++++ Data ++++

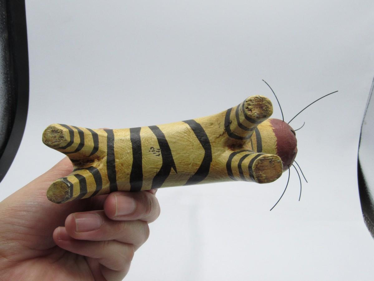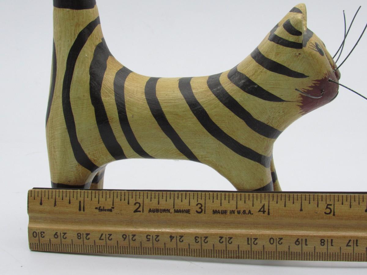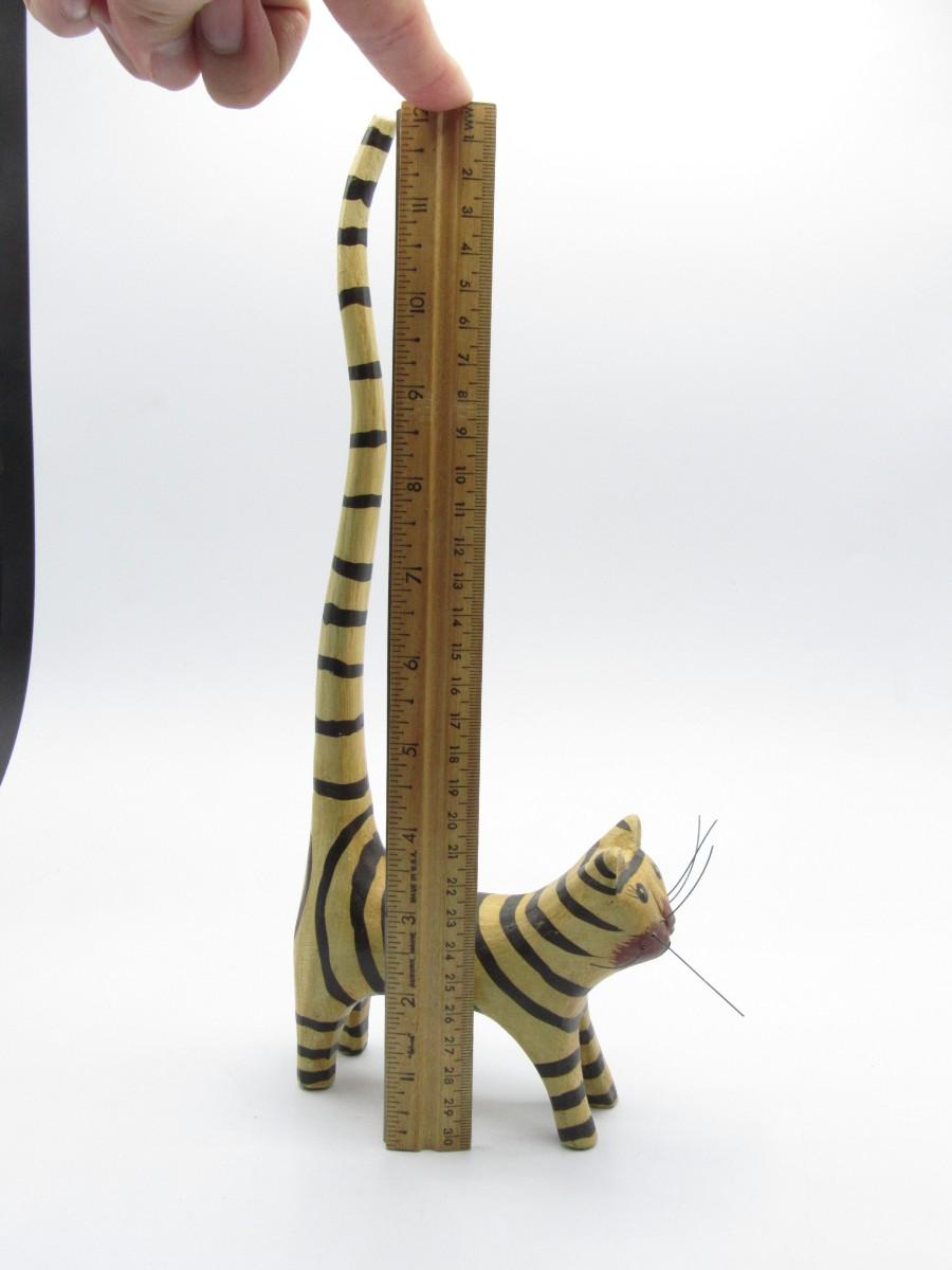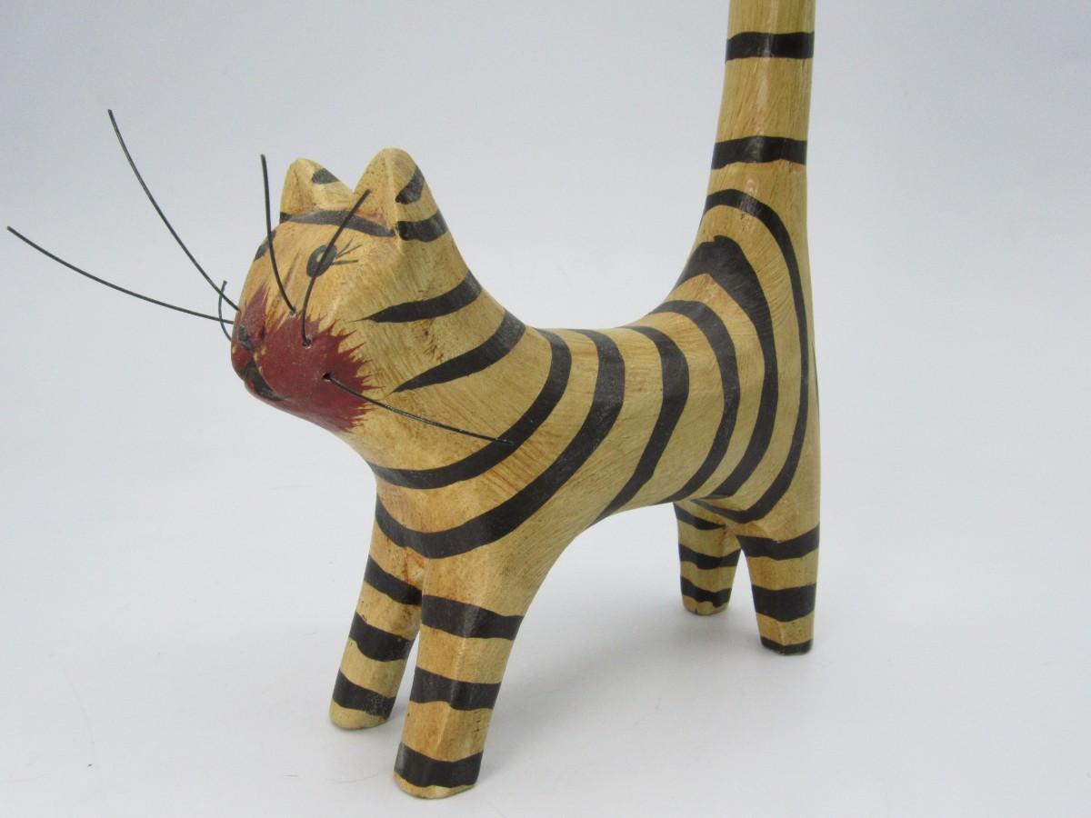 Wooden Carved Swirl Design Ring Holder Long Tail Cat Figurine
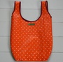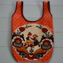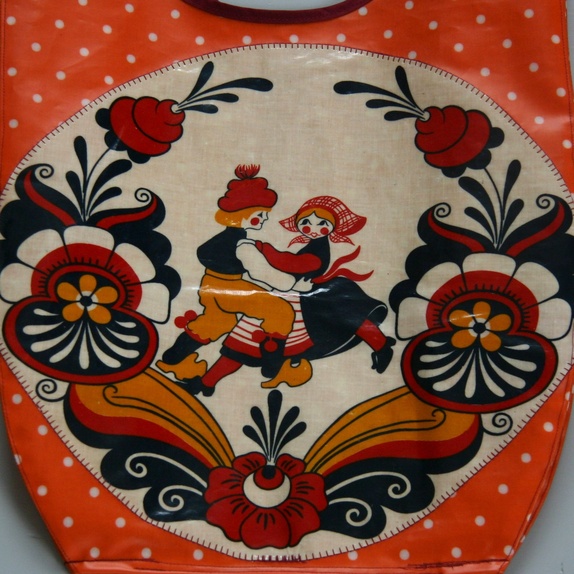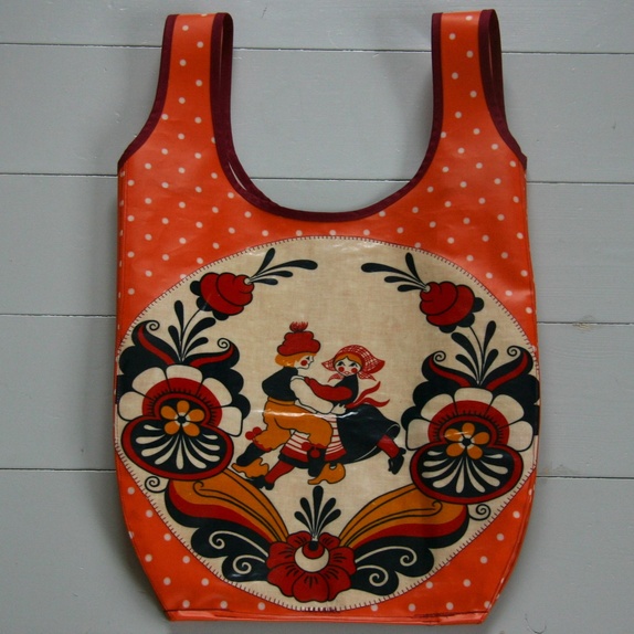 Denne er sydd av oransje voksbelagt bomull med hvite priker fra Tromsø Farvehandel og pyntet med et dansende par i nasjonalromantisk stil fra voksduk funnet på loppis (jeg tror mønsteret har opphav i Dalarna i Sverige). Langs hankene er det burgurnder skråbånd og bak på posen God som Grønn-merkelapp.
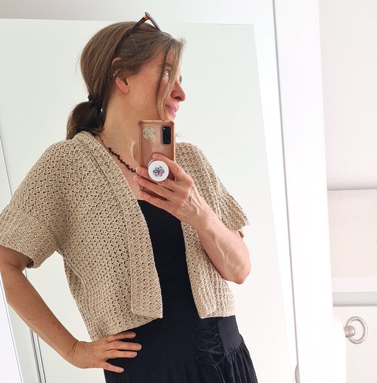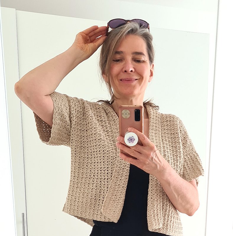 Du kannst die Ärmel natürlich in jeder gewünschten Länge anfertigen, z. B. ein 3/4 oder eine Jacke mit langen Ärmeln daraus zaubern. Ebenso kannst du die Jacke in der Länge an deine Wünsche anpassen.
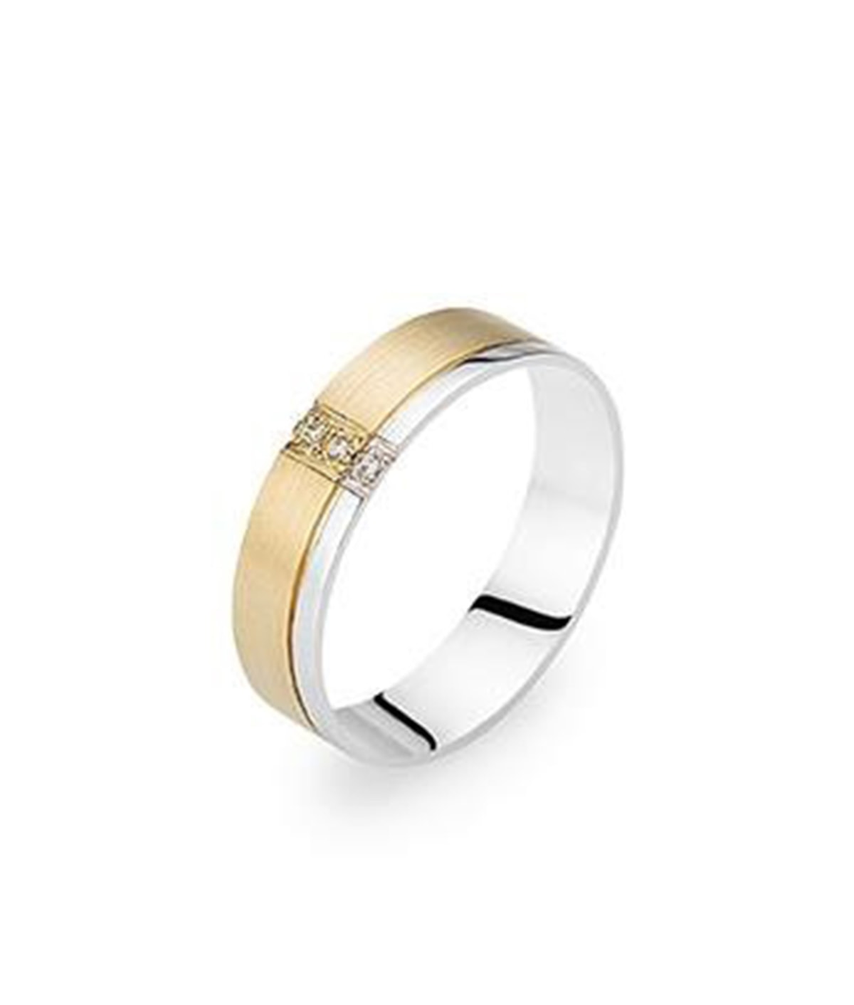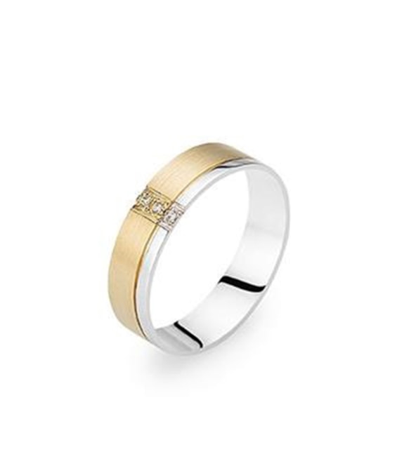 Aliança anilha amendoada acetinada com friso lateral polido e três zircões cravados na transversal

++++

**Activity**
Print only the lines from the one with "Du kannst die" through the last line of the data above, exactly and with both ends, and please omit any pictures.

**Task response**
 Du kannst die Ärmel natürlich in jeder gewünschten Länge anfertigen, z. B. ein 3/4 oder eine Jacke mit langen Ärmeln daraus zaubern. Ebenso kannst du die Jacke in der Länge an deine Wünsche anpassen.
 Aliança anilha amendoada acetinada com friso lateral polido e três zircões cravados na transversal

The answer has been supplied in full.